■ **EXERCISE**: Below are some records. Retype exactly the lines from the one containing "Pamuklu beyaz mini" through the one containing "圖1:3月全國水泥價(jià", both included, skipping every picture.

■ **THE RECORDS**:
════

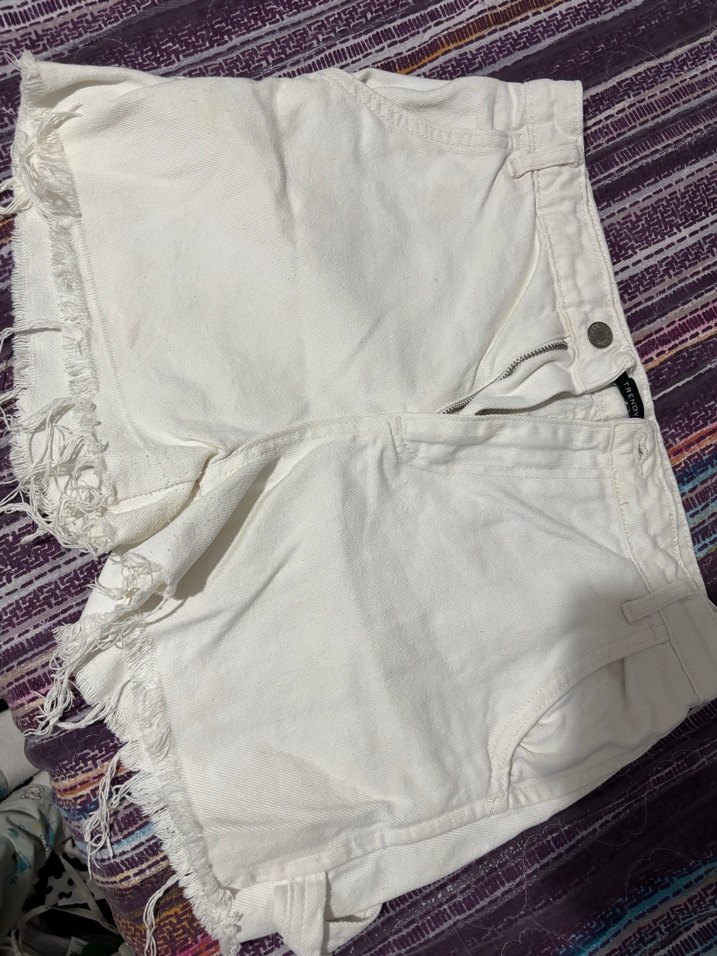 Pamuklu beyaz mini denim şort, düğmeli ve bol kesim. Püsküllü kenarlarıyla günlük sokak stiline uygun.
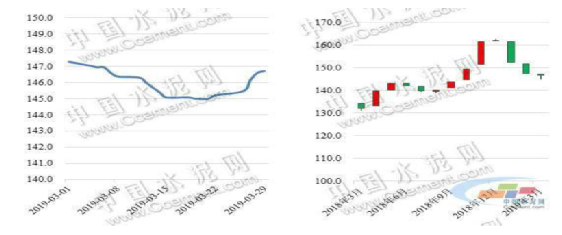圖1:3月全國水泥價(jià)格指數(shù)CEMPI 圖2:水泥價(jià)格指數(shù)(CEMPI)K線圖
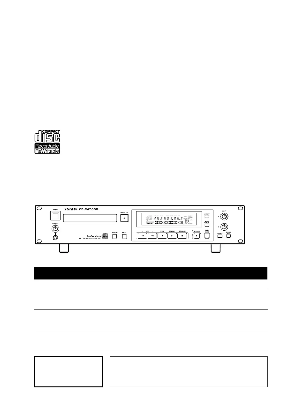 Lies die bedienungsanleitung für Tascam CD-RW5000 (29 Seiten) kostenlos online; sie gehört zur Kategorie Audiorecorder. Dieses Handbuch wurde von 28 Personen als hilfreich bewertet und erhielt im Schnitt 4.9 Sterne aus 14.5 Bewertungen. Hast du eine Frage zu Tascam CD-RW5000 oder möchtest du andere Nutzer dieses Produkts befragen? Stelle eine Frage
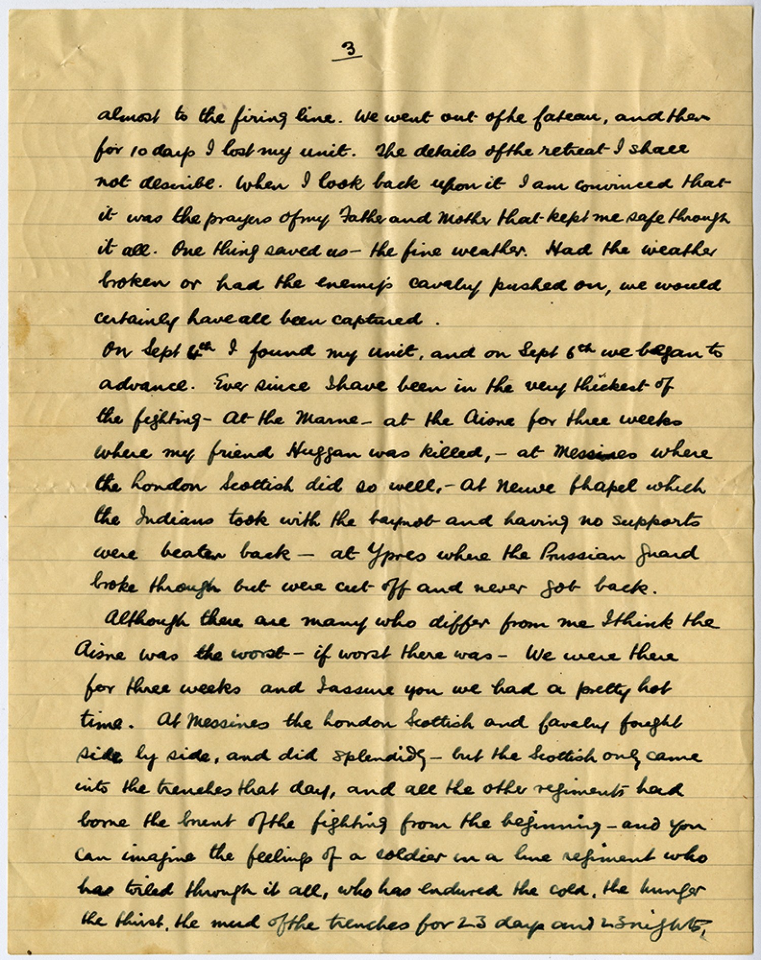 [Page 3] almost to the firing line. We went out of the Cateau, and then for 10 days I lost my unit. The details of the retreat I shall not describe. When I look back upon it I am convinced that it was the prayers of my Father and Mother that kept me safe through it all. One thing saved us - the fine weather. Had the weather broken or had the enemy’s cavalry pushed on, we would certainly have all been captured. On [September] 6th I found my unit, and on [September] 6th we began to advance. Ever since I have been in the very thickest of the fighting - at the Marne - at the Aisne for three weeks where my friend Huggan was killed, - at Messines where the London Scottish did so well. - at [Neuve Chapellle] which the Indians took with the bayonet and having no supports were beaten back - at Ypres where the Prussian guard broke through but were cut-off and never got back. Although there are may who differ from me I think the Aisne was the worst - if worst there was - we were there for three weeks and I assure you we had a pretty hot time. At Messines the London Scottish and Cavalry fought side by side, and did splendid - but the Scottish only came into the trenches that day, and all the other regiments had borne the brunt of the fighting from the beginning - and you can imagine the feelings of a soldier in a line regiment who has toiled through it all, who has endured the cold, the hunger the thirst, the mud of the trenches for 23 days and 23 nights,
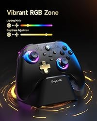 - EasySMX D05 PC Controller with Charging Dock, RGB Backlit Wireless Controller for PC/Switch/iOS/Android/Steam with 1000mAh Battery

════

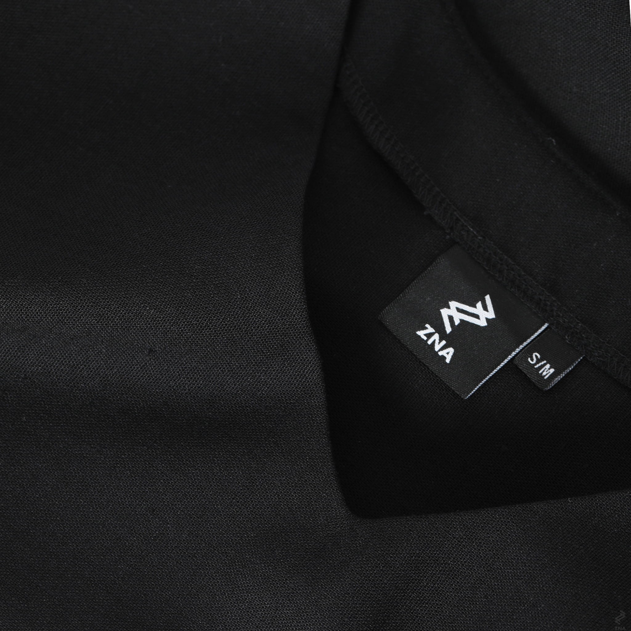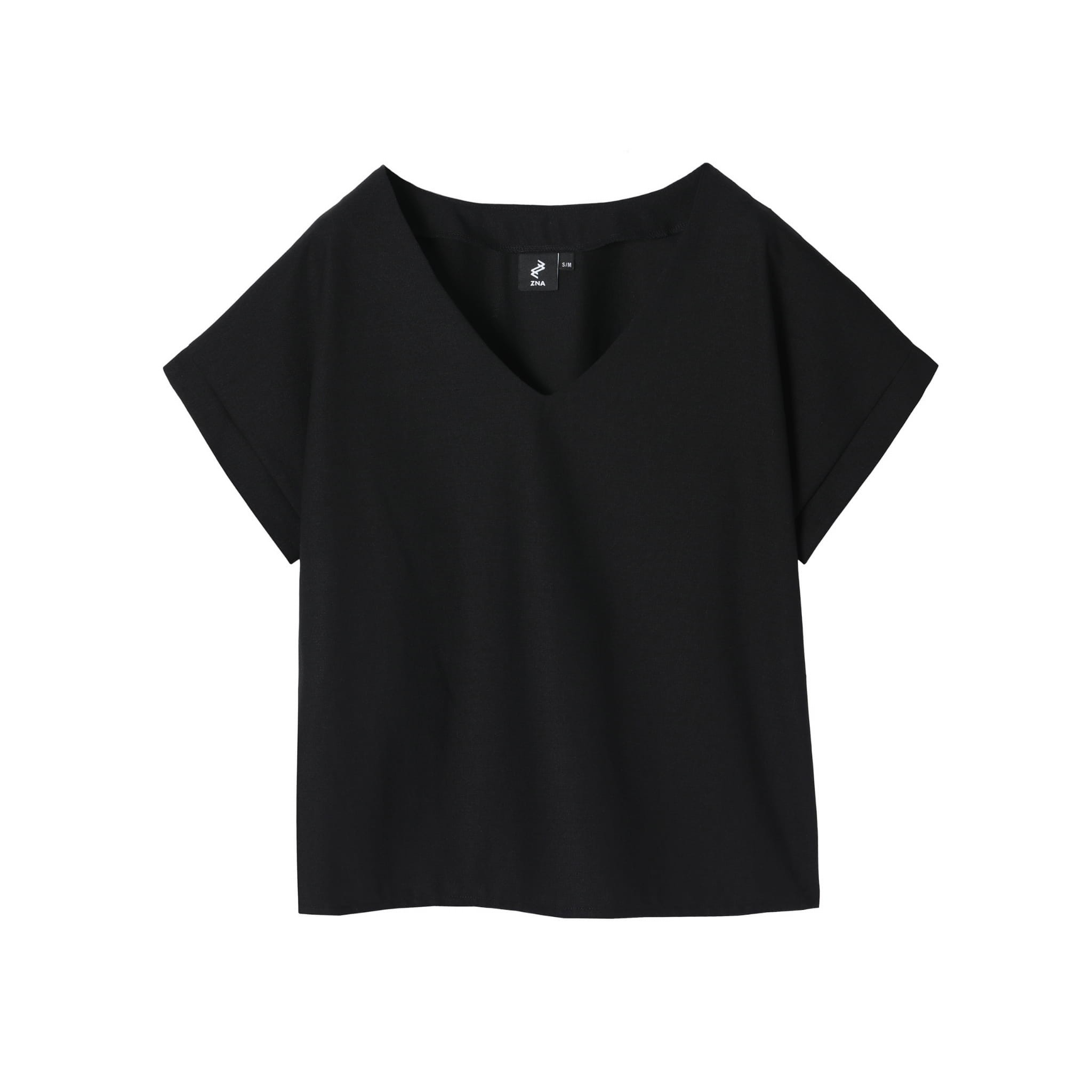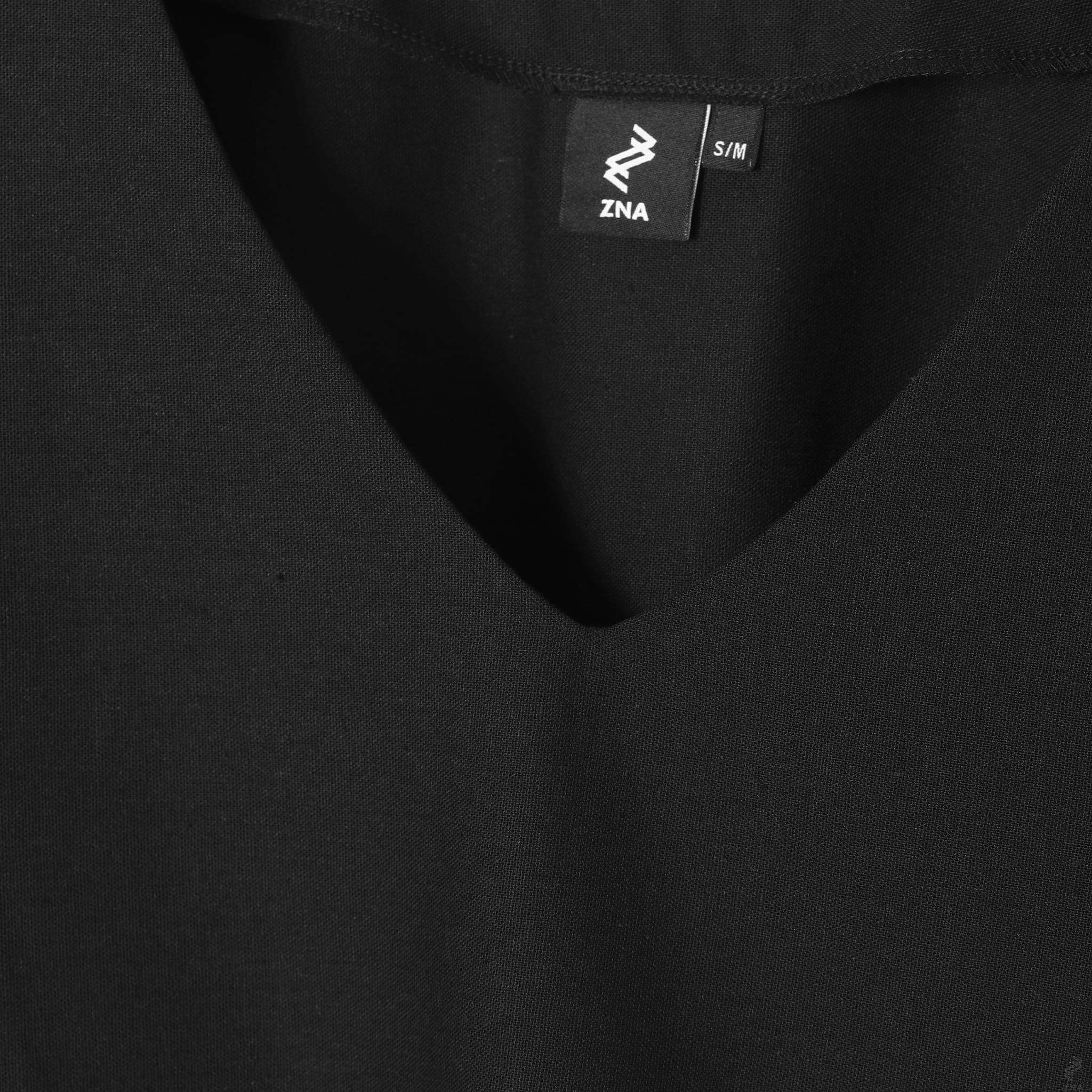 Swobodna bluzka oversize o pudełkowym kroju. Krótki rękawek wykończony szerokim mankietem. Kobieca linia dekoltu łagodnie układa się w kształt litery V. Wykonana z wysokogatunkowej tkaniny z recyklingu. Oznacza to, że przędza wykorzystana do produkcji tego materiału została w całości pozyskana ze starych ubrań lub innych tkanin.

════

■ **RESPONSE FOR THIS EXERCISE**:
 Pamuklu beyaz mini denim şort, düğmeli ve bol kesim. Püsküllü kenarlarıyla günlük sokak stiline uygun.
圖1:3月全國水泥價(jià)格指數(shù)CEMPI 圖2:水泥價(jià)格指數(shù)(CEMPI)K線圖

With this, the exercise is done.